It becomes a means to control.
The little micro sacrifices start to add up which is why you are feeling what you are feeling. 
Because you are being a doormat, it becomes impossible for your spouse to respect you as a man.
Totally throws water on any passion between you. 
To her subconscious you are a pushover and a poor choice as a mate because you do not demonstrate your drive and strength to her.

What is ironic is that many that suffer from this, myself included, are by no means meek or pushovers. We just have (had) a wrong idea of what it really means to "work" on a relationship. The work is still there but it is just different. I am competitive, have done full contact marshall arts most of my life, Always a leader in any social/career situation I am in, and I haven't taken crap from anyone since I took I a Jerk classmate down a few notches on the baseball diamond in 5th grade. I do not take sh*t from anyone but most of the effort I put into making wife happy was a waste for the both of us. There is/was a lot more going on in my marriage that is a problem, but I am separating out the part that seems relevant here.

*It is a paradox. You think you are doing a kindness to your wife but all you are doing is trading your life away one tiny piece at a time, all to make her disgusted with you.* Time to stop that or she will leave you, be in an affair soon if not already, or even worse, your marriage will just remain on life support forever and your life will just suck.

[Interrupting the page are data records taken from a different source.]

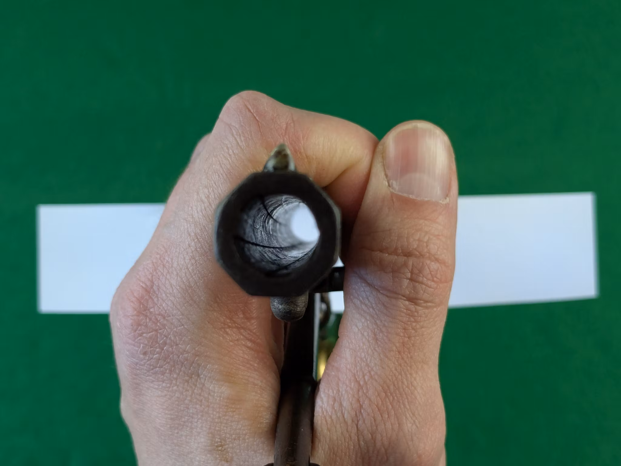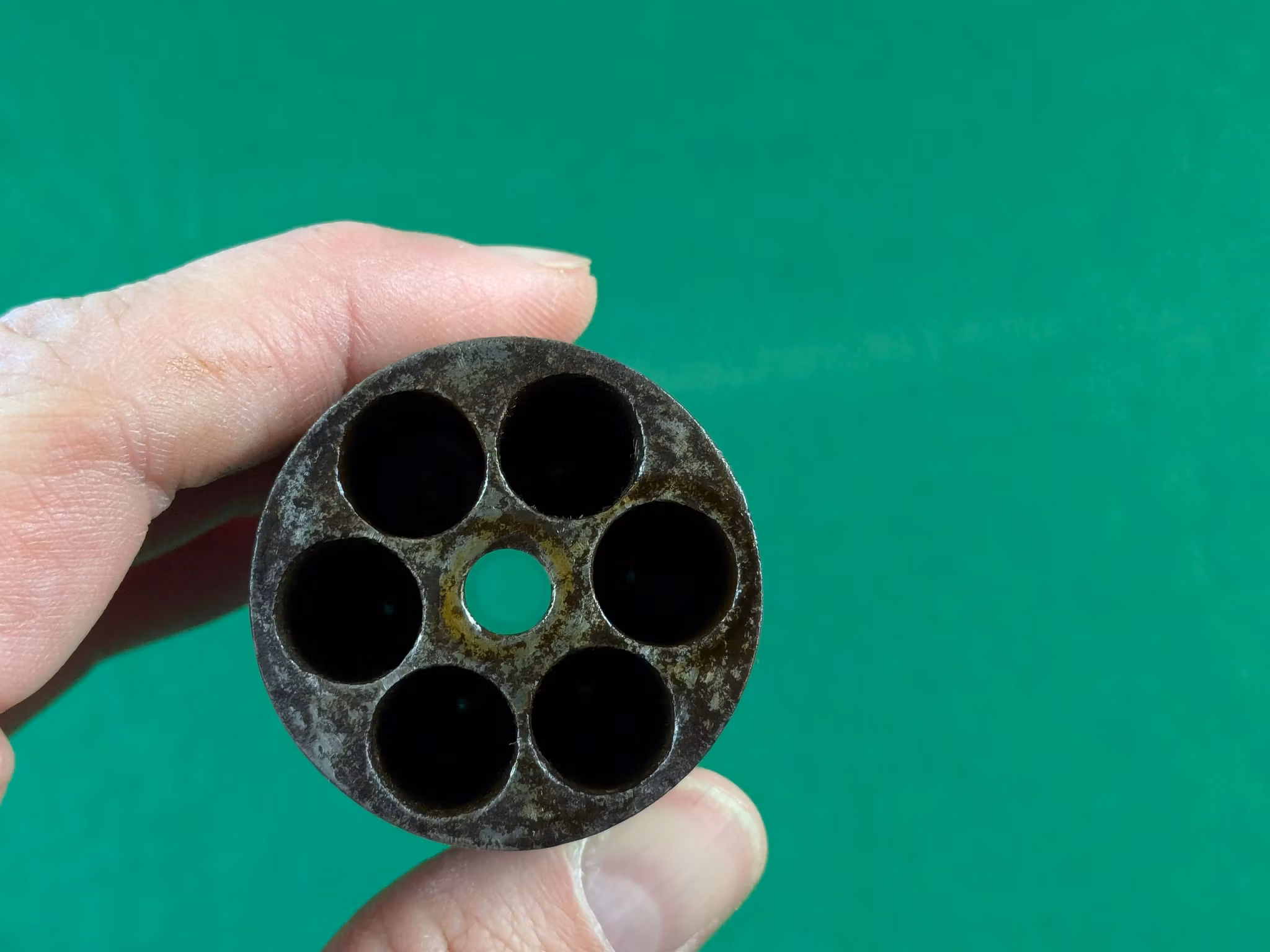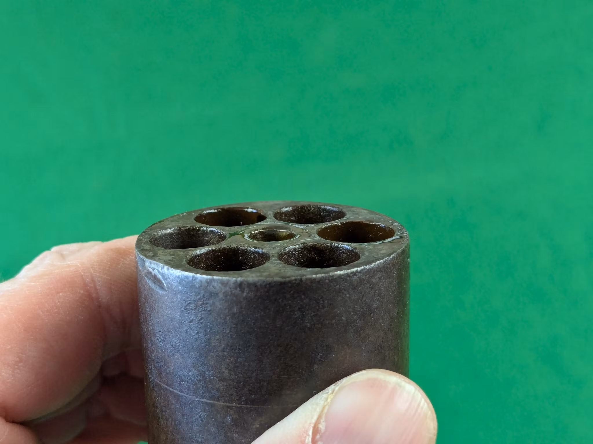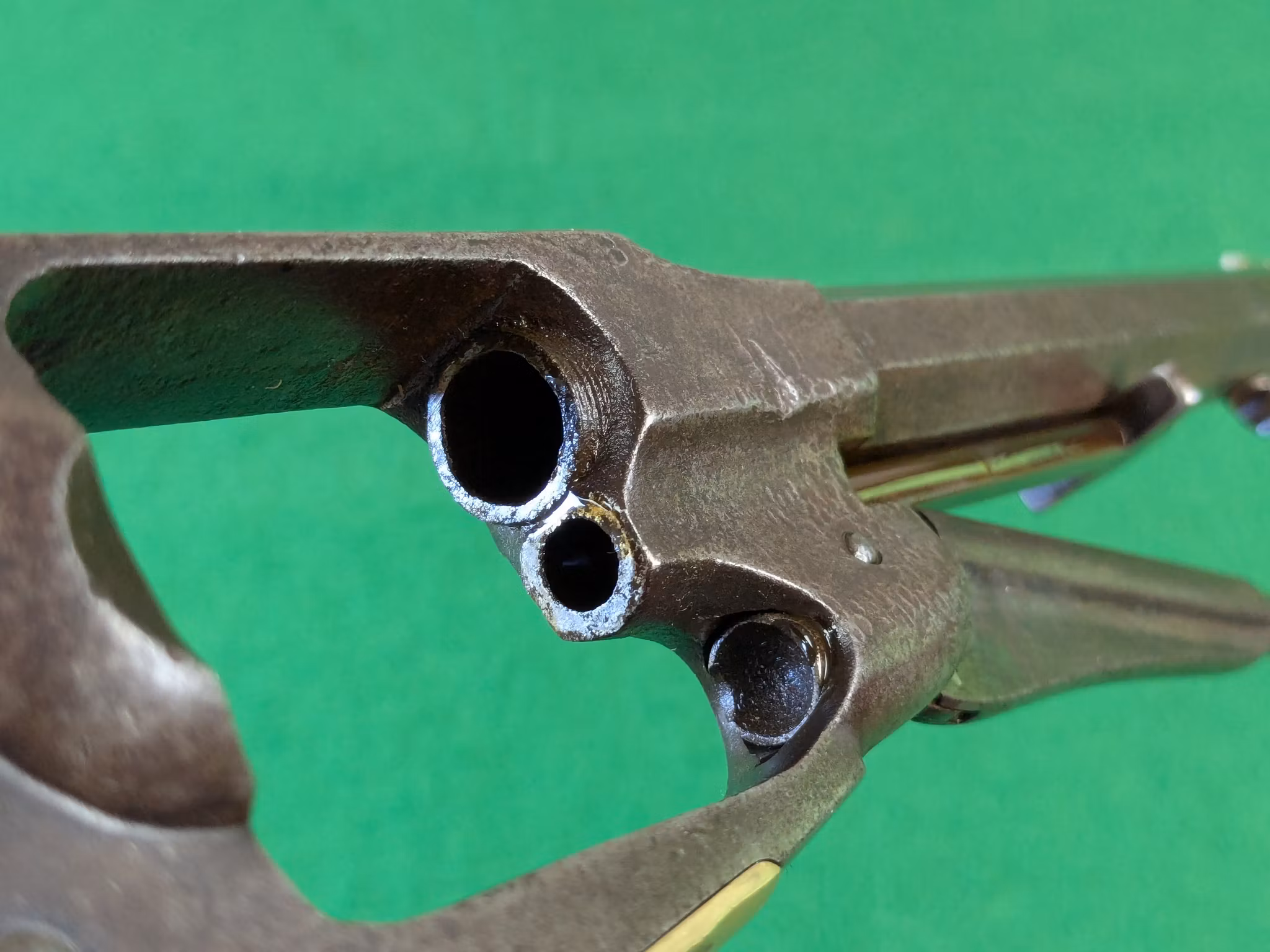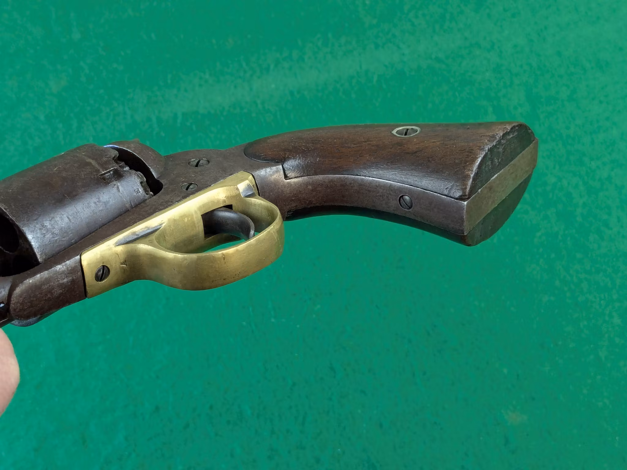 Chokladbrun patina jämnt fördelad över hela revolvern. Kolvsidor med mycket god passform. Den vänstra har en limmad spricka. Slagmärken runt trumaxelns fingergrepp.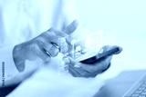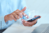 Person Using Smartphone With Futuristic Holographic Interface Displaying Digital Credit Card And Biometric Authentication, Representing Advanced Technology, Online Payment Security.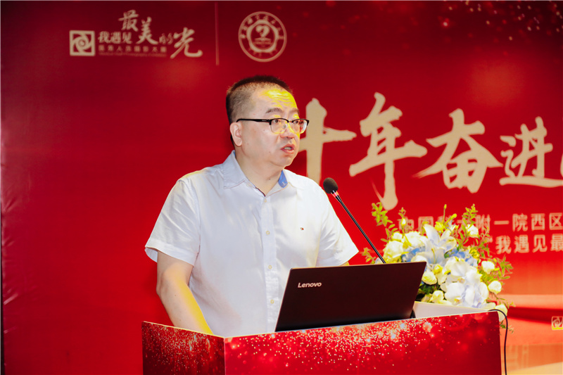 刘连新充分肯定西区十年取得的巨大进步和可喜成绩,同时提出三点要求:一要坚持党建引领,加强党的领导和建设;二要坚定不移地践行科大新医学理念,引领医院高质量发展;三要继续深入推进党风廉政建设,营造风清气正的政治生态。

Also, Belly dancing is not a job, even teaching it, it is a hobby. One apparently she uses to control the house and get away from responsibility. It is a great hobby but family comes first, then hobbies.


----------



## Thundarr (Jul 4, 2012)

chrisgav said:


> This may be a selfish response, but I gotta tell ya, it feels good to have some people understanding my issues and being supportive. Almost like taking my side in a manner if speaking.
> _Posted via Mobile Device_


You should have your back? Steps back and just think about this for a minute. Read your story and pretend it's some guy and girl you don't know and you'll see something is messed up. Man you're letting fear drive you into being someone you will not be proud of.


----------



## LongWalk (Apr 4, 2013)

A belly dancer who doesn't like sex... hmm. I am trying to imagine for whom she dances.


----------



## Orange_Pekoe (Jan 5, 2015)

Ok hold your horses - don't freak the guy out. I wouldn't jump to the conclusion that she is having an affair, HOWEVER, I do think it's necessary you look in to her activities and find out why she is spending so much time away from home and not meeting your intimate needs.

That's just the logical thing to do. Don't freak out, just investigate.

And yes, please stop being a doormat. A marriage is composed of two people, she needs to do her part.


----------



## SamuraiJack (May 30, 2014)

Thundarr said:


> You should have your back? Steps back and just think about this for a minute. Read your story and pretend it's some guy and girl you don't know and you'll see something is messed up. Man you're letting fear drive you into being someone you will not be proud of.


I would caution you to go a bit slow. Do some snooping and see if there is more to this than it seems.

She could just be spoiled by your doormat ways...but it could be something else. If it is...you need to approach this from a collected and informed standpoint.
NOT with a bunch of internet strangers hunches.


----------